───── RAW DATA ─────

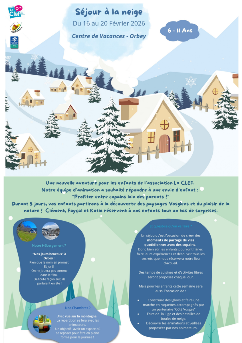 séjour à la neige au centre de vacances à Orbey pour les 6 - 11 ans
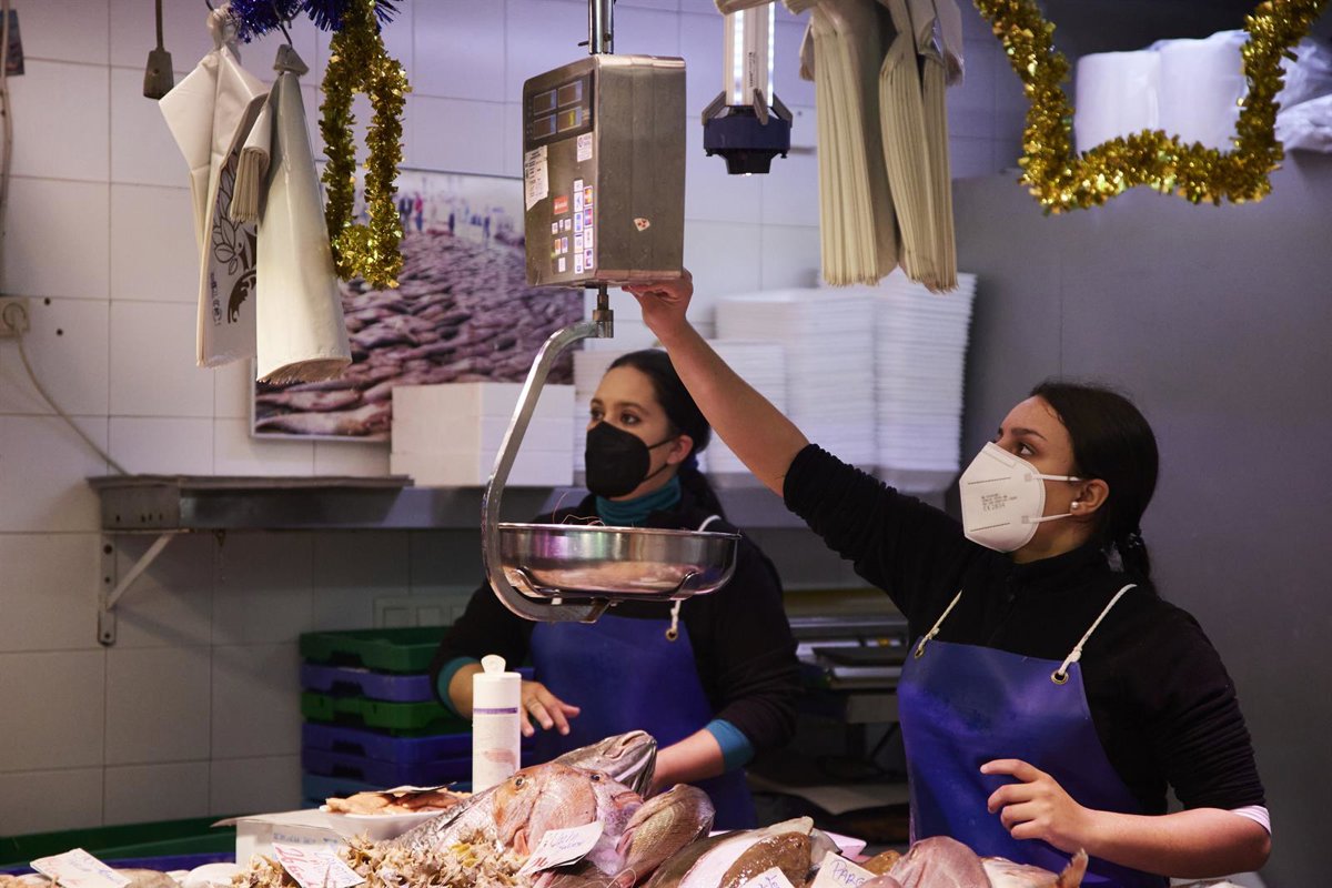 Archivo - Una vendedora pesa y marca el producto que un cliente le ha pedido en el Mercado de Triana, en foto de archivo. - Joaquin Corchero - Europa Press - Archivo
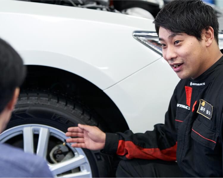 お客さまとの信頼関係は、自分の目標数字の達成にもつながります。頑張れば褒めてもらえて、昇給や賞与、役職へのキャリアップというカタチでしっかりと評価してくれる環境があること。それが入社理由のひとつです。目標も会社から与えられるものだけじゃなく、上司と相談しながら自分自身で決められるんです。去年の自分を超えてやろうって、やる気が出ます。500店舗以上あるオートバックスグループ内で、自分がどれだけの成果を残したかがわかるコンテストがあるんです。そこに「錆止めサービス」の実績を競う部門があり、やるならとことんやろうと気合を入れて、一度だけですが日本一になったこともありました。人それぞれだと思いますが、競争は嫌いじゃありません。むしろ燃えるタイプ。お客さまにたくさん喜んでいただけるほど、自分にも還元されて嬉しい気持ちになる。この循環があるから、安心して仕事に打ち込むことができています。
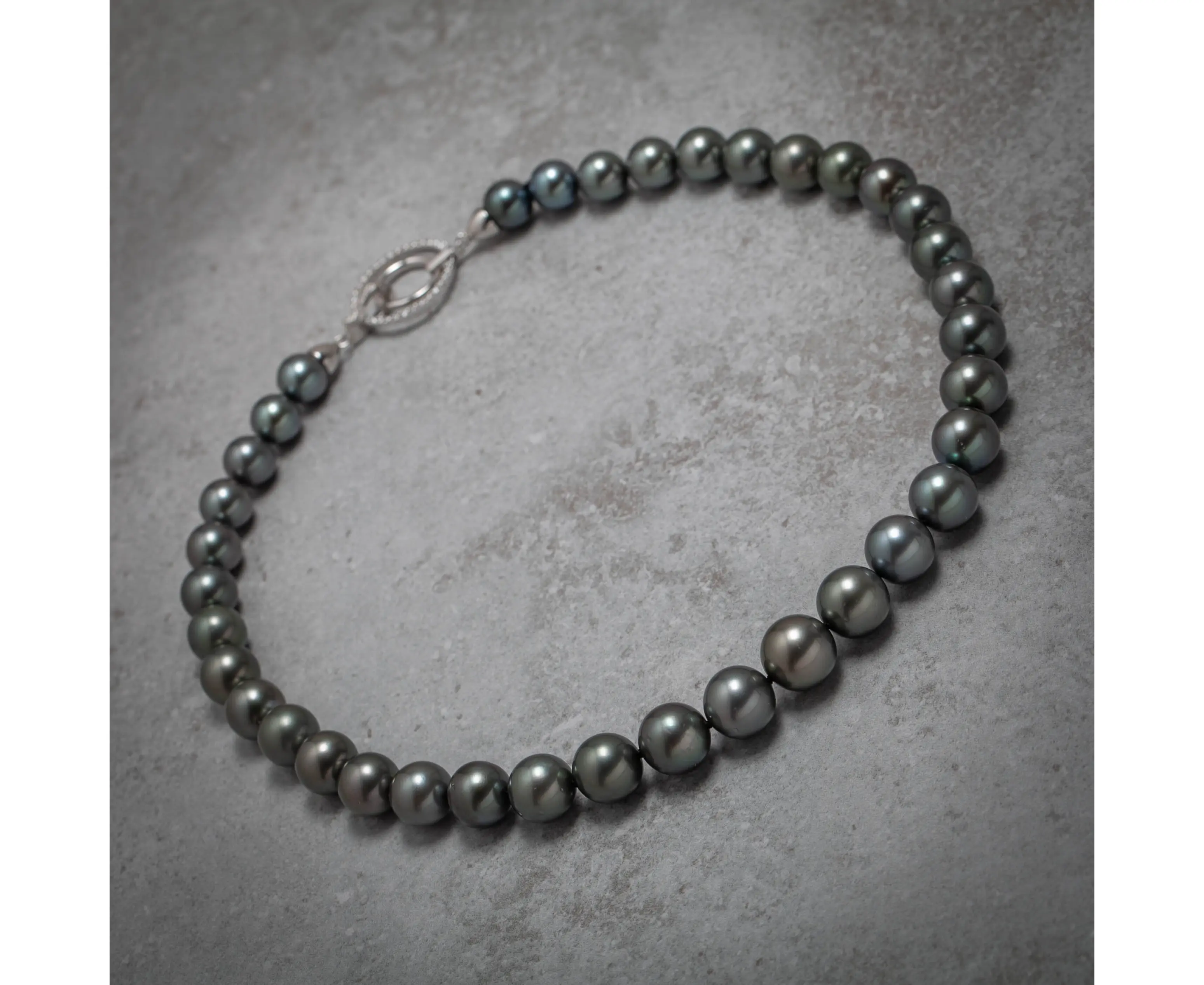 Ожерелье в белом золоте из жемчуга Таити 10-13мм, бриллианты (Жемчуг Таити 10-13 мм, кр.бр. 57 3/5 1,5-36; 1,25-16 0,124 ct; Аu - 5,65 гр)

─────

-- TASK ITEM --
Every line of the data above is to be set down exactly; the pictures are not.

-- RESPONSE AREA --
 séjour à la neige au centre de vacances à Orbey pour les 6 - 11 ans
 Archivo - Una vendedora pesa y marca el producto que un cliente le ha pedido en el Mercado de Triana, en foto de archivo. - Joaquin Corchero - Europa Press - Archivo
 お客さまとの信頼関係は、自分の目標数字の達成にもつながります。頑張れば褒めてもらえて、昇給や賞与、役職へのキャリアップというカタチでしっかりと評価してくれる環境があること。それが入社理由のひとつです。目標も会社から与えられるものだけじゃなく、上司と相談しながら自分自身で決められるんです。去年の自分を超えてやろうって、やる気が出ます。500店舗以上あるオートバックスグループ内で、自分がどれだけの成果を残したかがわかるコンテストがあるんです。そこに「錆止めサービス」の実績を競う部門があり、やるならとことんやろうと気合を入れて、一度だけですが日本一になったこともありました。人それぞれだと思いますが、競争は嫌いじゃありません。むしろ燃えるタイプ。お客さまにたくさん喜んでいただけるほど、自分にも還元されて嬉しい気持ちになる。この循環があるから、安心して仕事に打ち込むことができています。
 Ожерелье в белом золоте из жемчуга Таити 10-13мм, бриллианты (Жемчуг Таити 10-13 мм, кр.бр. 57 3/5 1,5-36; 1,25-16 0,124 ct; Аu - 5,65 гр)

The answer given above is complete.